# EXERCISE DESCRIPTION
Only an exact copy is wanted: the lines from the one holding "Ví dụ: Bạn lọc" through the last line below, minus the pictures.

AVAILABLE DATA Start Marker

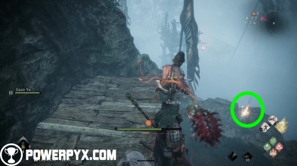 龙脉精华(横刀望白马):在关卡的后期,你会到达一个雾区。完成后,继续沿着主要路径找到昌贵。打败它,然后爬上昌贵后面的长梯,向右走。你可以找到过去的两个士兵。
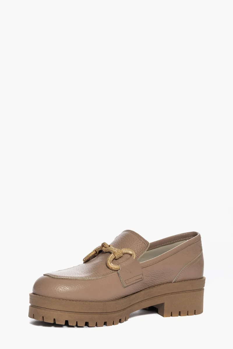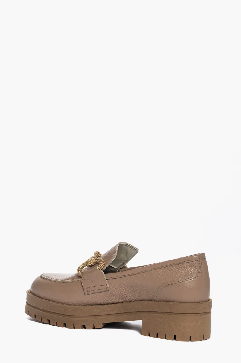 Mocassino in pelle fango, con bocca di leone nella parte superiore, fibbia decorativa, suola in gomma fango, altezza 5 cm, interni e sottopiede in similpelle. Calzano comode, si consiglia per chi avesse la mezza misura di prendere un numero in meno. Calzature realizzate in modo artigianale, rigorosamente Made in Italy.
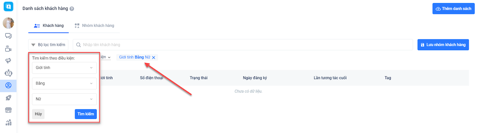 Ví dụ: Bạn lọc khách hàng theo custom field giới tính, có giá trị bằng Nữ, hệ thống sẽ hiển thị danh sách tất cả khách hàng có giới tính tương ứng.
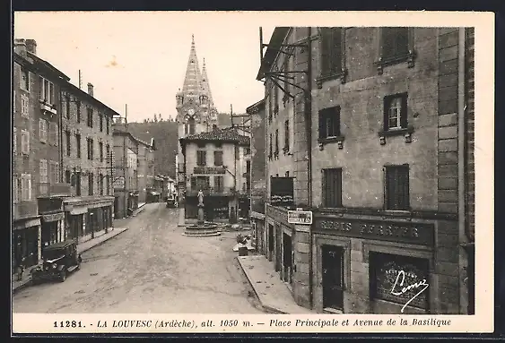 AK Louvesc /Ardêche, Place Principale et Avenue de la Basilique

AVAILABLE DATA End Marker

# TASK ANSWER
 Ví dụ: Bạn lọc khách hàng theo custom field giới tính, có giá trị bằng Nữ, hệ thống sẽ hiển thị danh sách tất cả khách hàng có giới tính tương ứng.
 AK Louvesc /Ardêche, Place Principale et Avenue de la Basilique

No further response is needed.